### Data below

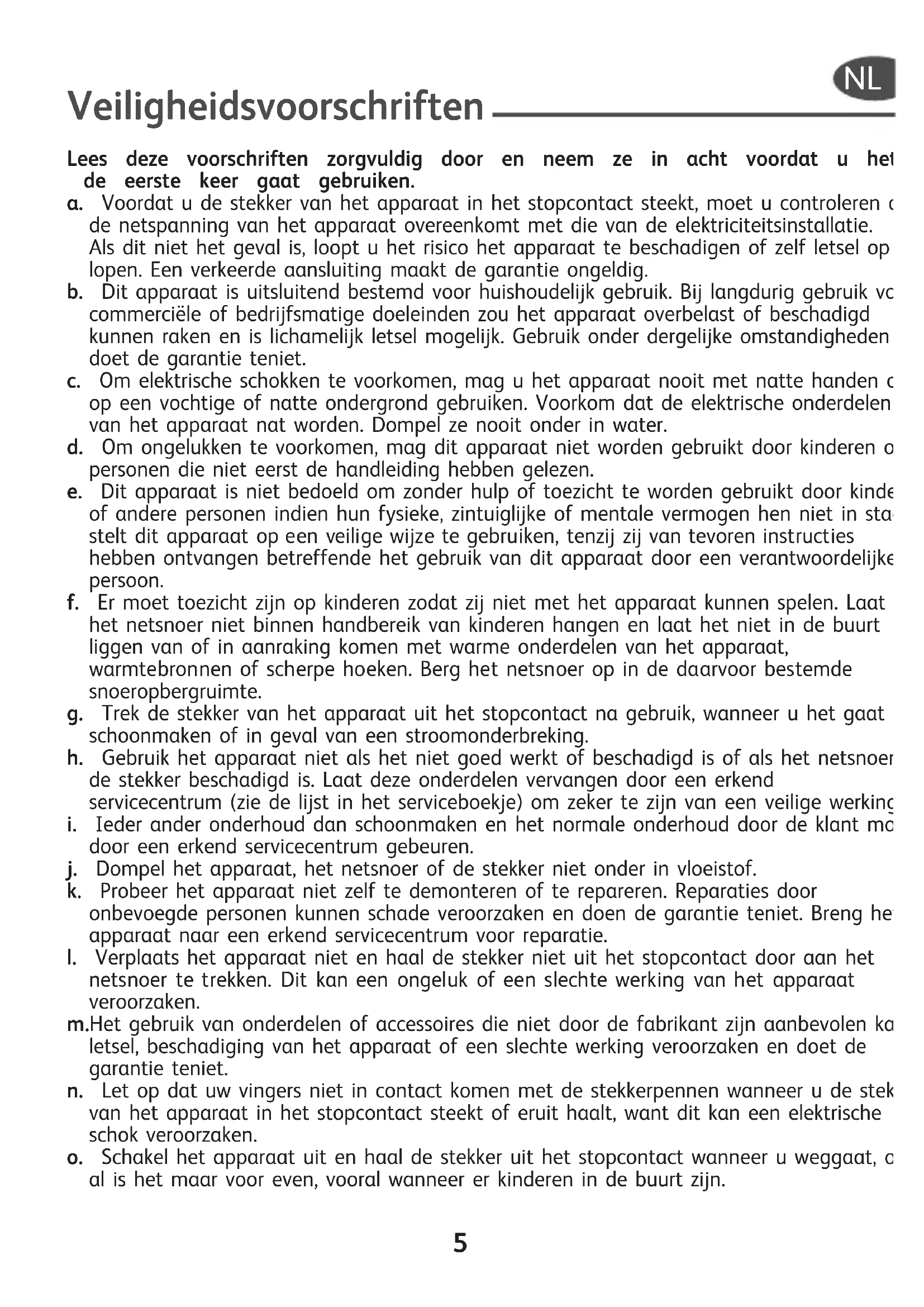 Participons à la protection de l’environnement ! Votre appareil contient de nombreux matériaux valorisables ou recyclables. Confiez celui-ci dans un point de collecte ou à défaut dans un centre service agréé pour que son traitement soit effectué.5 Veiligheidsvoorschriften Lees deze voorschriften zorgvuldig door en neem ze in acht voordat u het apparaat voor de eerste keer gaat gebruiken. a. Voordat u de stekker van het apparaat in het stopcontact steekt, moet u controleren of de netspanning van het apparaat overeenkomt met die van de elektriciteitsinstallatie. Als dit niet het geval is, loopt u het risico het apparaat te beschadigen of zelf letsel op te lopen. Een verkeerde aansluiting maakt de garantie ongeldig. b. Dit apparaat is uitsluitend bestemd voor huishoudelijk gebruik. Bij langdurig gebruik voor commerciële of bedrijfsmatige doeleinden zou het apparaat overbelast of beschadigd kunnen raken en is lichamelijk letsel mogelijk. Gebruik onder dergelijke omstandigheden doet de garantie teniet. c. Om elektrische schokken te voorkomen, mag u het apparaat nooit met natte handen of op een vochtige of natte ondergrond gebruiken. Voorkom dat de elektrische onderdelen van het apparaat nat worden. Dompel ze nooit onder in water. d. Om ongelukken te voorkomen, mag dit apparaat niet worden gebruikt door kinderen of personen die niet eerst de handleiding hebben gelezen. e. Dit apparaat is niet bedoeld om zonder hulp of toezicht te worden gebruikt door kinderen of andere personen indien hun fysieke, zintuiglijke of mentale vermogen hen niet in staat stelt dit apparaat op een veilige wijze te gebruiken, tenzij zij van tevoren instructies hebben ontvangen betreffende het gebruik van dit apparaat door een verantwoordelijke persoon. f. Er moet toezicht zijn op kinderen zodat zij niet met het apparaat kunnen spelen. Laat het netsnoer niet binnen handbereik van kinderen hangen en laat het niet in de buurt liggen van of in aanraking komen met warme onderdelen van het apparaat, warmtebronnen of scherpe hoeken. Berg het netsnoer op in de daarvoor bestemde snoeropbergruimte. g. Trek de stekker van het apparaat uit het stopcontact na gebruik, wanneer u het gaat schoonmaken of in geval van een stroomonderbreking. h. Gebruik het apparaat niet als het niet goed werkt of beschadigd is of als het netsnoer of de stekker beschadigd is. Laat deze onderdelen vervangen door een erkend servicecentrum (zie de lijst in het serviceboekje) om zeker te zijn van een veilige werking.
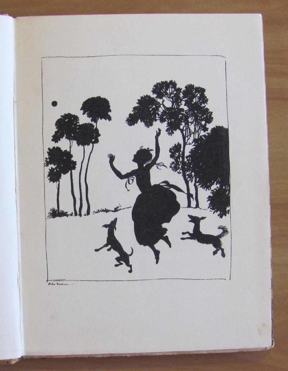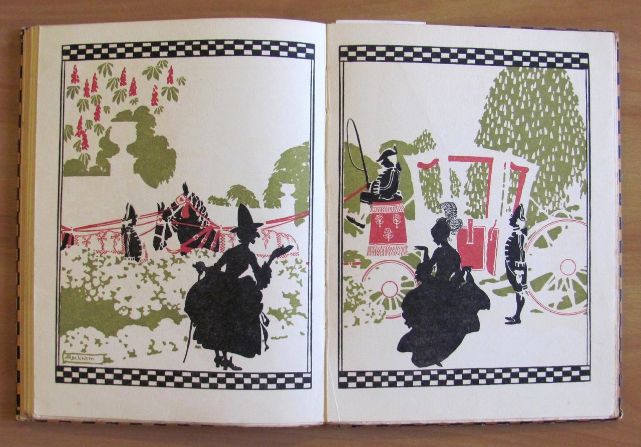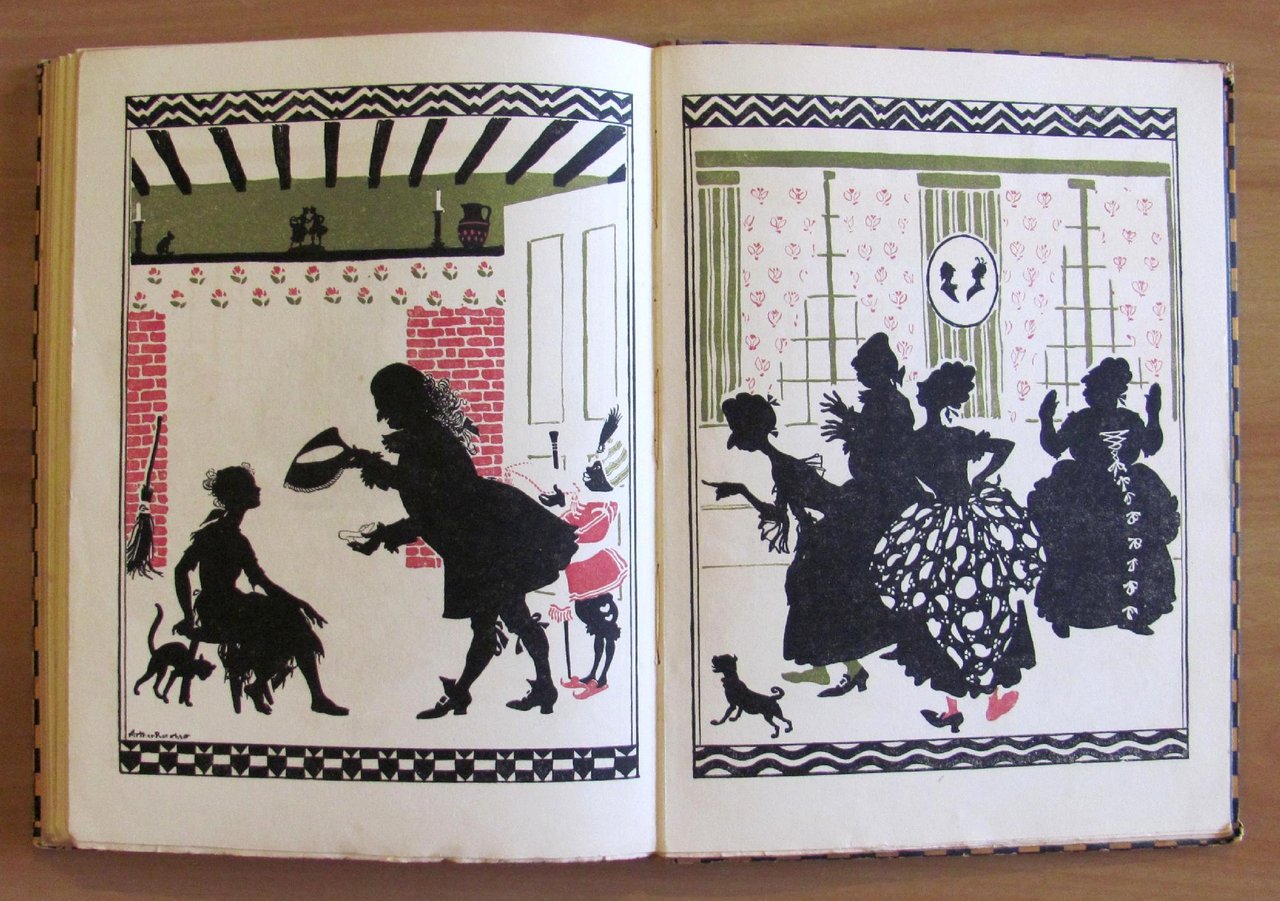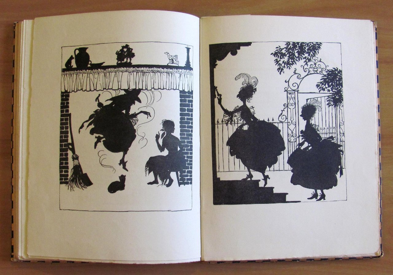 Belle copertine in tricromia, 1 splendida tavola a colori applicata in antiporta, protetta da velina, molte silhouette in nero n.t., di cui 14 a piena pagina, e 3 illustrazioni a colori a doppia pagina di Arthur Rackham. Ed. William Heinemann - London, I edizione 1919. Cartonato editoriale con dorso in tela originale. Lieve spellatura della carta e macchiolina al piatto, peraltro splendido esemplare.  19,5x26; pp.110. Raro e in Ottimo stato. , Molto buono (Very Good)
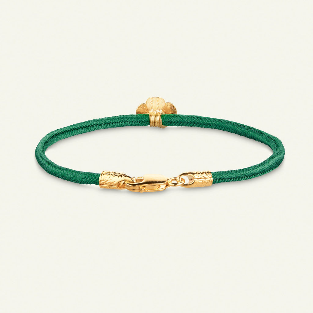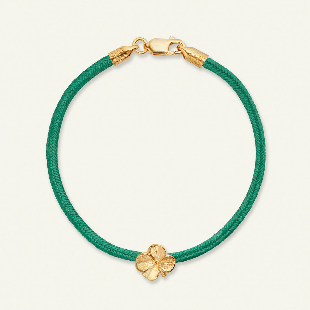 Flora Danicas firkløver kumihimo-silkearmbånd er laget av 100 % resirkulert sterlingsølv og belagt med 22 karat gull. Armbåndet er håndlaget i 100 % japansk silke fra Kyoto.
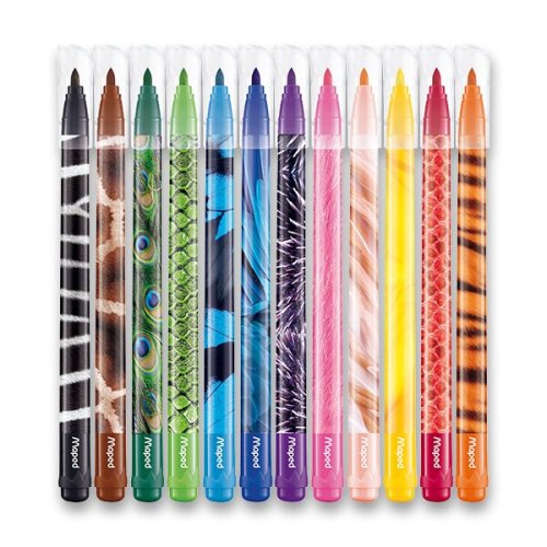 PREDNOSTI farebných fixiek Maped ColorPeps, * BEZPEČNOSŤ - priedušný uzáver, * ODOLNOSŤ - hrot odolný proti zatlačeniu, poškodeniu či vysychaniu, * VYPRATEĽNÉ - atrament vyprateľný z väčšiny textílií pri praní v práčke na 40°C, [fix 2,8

######

→ Exercise goal
Reproduce, word for word, the lines from the one containing "Flora Danicas firkløver" through the final line above. Leave every picture out.

→ Exercise answer
 Flora Danicas firkløver kumihimo-silkearmbånd er laget av 100 % resirkulert sterlingsølv og belagt med 22 karat gull. Armbåndet er håndlaget i 100 % japansk silke fra Kyoto.
 PREDNOSTI farebných fixiek Maped ColorPeps, * BEZPEČNOSŤ - priedušný uzáver, * ODOLNOSŤ - hrot odolný proti zatlačeniu, poškodeniu či vysychaniu, * VYPRATEĽNÉ - atrament vyprateľný z väčšiny textílií pri praní v práčke na 40°C, [fix 2,8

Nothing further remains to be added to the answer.